▸ Work to be completed: The answer must be an exact copy of the lines from the one with "- 【High-Quality Materials】Crafted" through the final line below, with no pictures and nothing else.
━━━ Data extracts
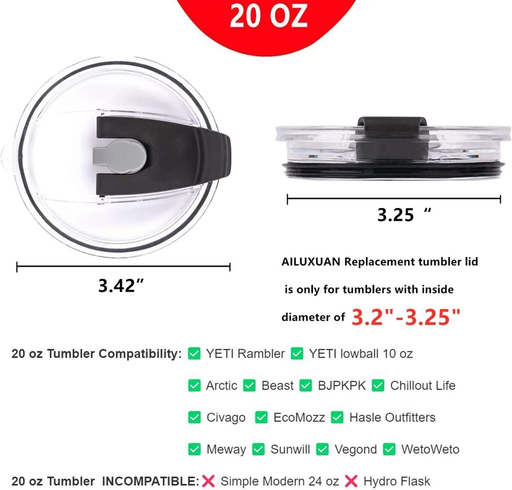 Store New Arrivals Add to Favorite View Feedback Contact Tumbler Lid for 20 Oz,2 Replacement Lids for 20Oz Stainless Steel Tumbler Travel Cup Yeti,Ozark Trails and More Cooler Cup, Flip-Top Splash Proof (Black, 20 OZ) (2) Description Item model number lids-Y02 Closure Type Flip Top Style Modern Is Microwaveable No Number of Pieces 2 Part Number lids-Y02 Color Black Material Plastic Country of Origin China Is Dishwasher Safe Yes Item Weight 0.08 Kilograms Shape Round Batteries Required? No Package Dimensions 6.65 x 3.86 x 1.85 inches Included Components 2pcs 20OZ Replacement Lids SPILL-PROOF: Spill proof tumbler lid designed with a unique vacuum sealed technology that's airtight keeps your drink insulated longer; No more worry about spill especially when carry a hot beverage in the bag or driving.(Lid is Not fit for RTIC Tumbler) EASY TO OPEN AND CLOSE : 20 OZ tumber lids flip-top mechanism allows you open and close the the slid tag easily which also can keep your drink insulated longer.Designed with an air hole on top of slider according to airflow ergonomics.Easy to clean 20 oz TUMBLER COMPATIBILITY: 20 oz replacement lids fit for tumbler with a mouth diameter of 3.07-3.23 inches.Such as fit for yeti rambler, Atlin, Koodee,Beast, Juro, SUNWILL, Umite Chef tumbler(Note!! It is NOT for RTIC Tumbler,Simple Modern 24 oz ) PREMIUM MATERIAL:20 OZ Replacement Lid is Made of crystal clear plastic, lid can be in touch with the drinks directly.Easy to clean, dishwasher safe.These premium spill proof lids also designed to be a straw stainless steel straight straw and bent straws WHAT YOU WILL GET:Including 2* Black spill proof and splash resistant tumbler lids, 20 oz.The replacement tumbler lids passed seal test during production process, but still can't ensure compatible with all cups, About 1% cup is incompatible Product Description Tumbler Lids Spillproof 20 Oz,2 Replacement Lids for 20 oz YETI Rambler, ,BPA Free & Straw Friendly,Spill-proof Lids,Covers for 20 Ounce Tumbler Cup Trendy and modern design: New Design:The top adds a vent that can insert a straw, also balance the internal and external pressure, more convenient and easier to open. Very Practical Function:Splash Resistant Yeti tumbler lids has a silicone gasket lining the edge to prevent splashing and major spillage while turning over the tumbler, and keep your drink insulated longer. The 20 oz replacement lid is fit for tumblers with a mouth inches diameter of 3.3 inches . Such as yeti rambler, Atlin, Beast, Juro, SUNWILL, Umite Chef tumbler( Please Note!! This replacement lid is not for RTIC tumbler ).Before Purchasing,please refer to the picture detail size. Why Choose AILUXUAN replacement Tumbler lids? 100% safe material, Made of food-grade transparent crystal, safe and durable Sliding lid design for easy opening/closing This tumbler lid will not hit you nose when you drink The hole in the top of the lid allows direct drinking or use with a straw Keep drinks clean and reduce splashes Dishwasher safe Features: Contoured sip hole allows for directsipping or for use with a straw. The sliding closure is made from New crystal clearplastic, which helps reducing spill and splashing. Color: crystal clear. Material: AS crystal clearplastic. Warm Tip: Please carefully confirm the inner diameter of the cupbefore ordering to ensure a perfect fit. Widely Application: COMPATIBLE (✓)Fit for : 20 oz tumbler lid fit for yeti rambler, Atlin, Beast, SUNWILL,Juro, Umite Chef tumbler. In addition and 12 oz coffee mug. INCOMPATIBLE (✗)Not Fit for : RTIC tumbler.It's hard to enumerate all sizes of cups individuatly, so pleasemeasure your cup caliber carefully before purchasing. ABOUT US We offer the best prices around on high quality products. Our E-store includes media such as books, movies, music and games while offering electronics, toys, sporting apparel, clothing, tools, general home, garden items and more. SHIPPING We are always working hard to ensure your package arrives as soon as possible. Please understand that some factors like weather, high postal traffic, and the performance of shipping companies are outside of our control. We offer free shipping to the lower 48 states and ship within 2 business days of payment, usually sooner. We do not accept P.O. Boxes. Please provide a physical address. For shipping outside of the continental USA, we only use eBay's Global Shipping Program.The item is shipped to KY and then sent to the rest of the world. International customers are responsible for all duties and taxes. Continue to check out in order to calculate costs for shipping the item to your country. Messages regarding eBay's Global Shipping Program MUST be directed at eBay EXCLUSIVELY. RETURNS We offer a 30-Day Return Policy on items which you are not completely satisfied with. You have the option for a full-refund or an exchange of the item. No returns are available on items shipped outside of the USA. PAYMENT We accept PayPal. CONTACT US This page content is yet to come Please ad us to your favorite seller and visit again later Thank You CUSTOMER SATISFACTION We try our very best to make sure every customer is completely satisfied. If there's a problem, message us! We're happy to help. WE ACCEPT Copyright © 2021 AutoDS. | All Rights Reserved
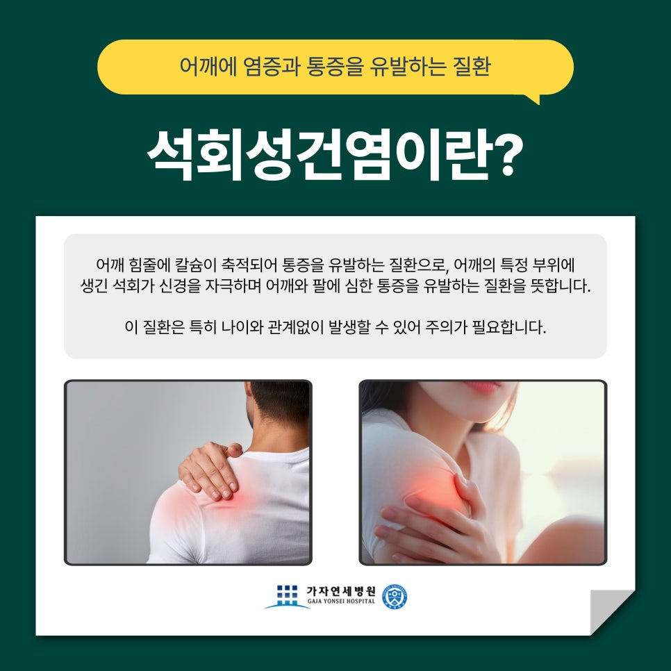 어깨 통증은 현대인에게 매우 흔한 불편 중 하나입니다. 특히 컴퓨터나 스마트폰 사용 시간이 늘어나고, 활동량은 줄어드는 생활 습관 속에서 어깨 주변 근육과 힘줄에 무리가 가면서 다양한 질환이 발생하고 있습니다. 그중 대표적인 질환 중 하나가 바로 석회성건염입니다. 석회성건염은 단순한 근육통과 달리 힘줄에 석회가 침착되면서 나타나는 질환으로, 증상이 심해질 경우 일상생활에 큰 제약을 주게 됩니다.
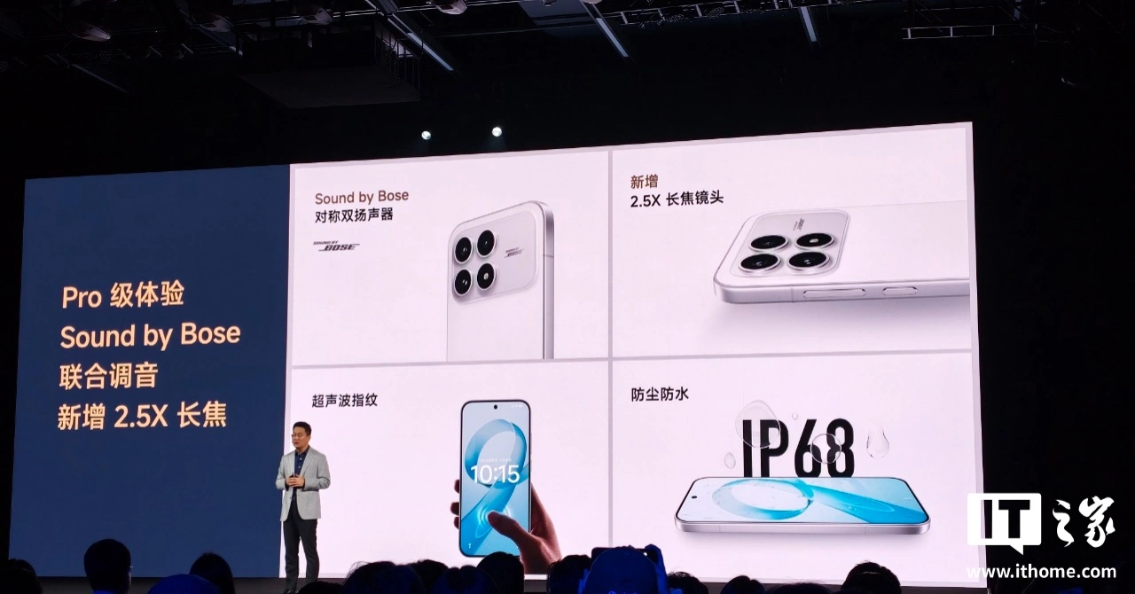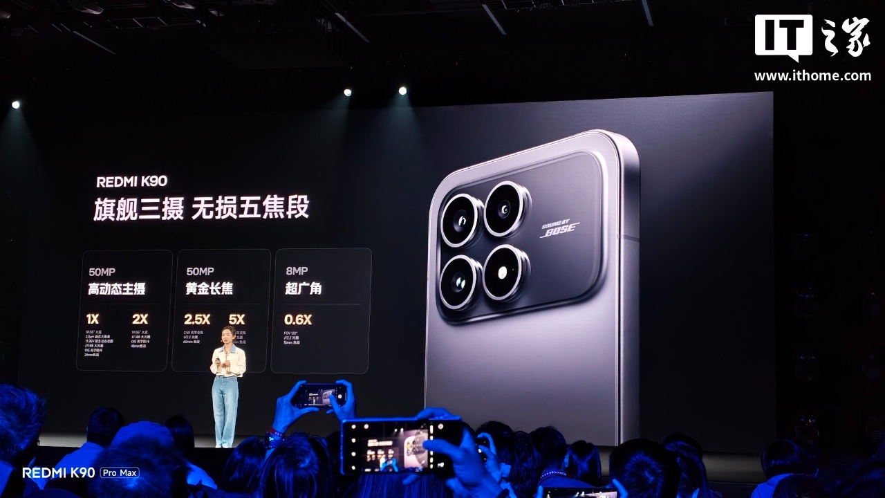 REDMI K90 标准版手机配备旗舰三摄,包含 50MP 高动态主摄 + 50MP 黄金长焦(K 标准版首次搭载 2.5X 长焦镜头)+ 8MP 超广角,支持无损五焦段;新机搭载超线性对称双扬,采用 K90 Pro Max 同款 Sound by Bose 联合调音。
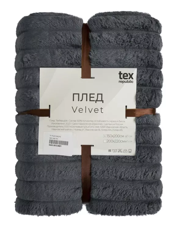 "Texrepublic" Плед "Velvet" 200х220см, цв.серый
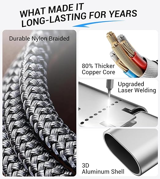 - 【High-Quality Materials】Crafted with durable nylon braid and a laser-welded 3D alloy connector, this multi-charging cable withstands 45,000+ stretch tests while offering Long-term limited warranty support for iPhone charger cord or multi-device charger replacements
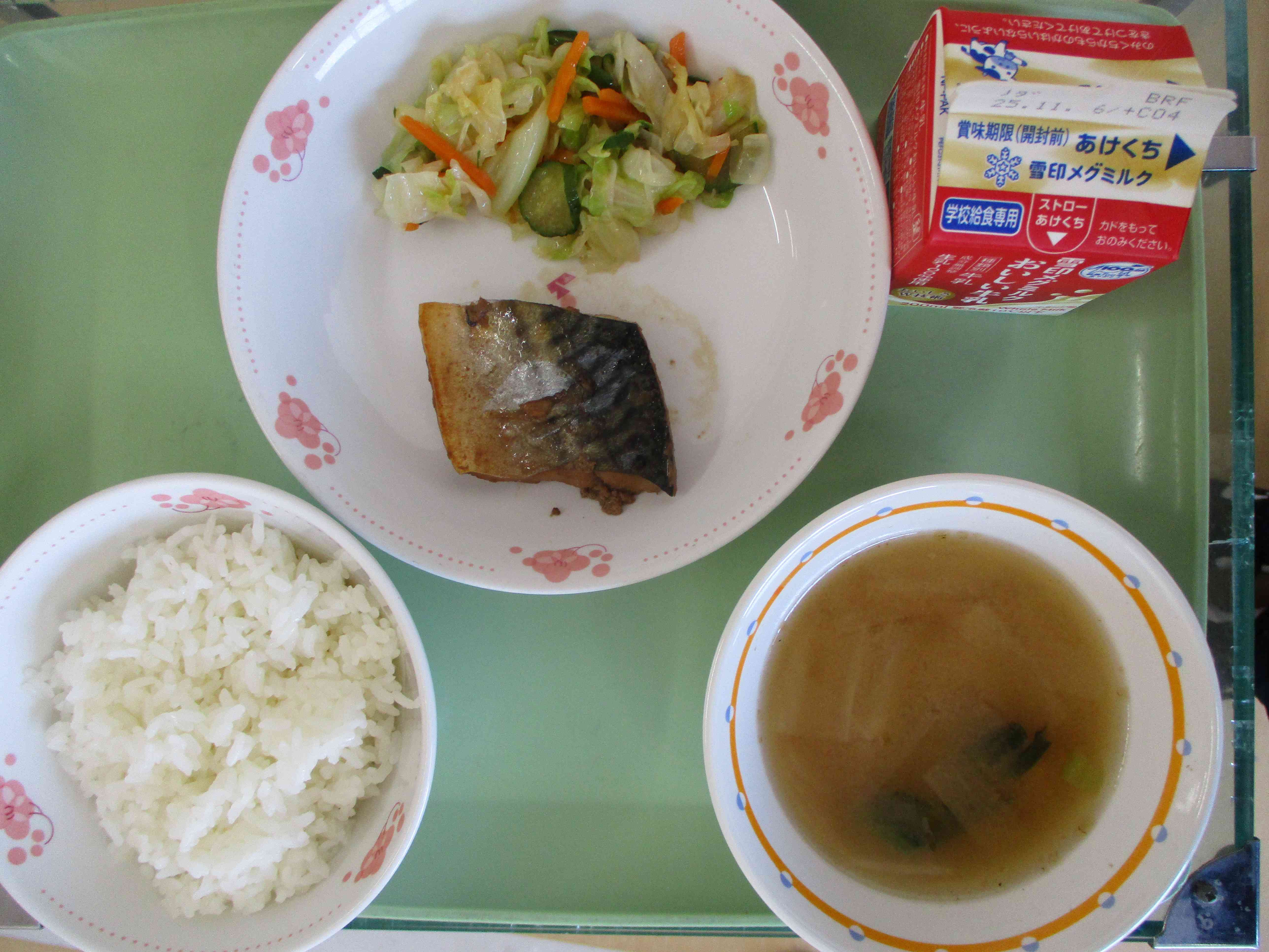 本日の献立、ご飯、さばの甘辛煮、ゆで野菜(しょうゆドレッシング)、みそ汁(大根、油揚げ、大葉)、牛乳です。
━━━━━━
▸ Result:
 - 【High-Quality Materials】Crafted with durable nylon braid and a laser-welded 3D alloy connector, this multi-charging cable withstands 45,000+ stretch tests while offering Long-term limited warranty support for iPhone charger cord or multi-device charger replacements
 本日の献立、ご飯、さばの甘辛煮、ゆで野菜(しょうゆドレッシング)、みそ汁(大根、油揚げ、大葉)、牛乳です。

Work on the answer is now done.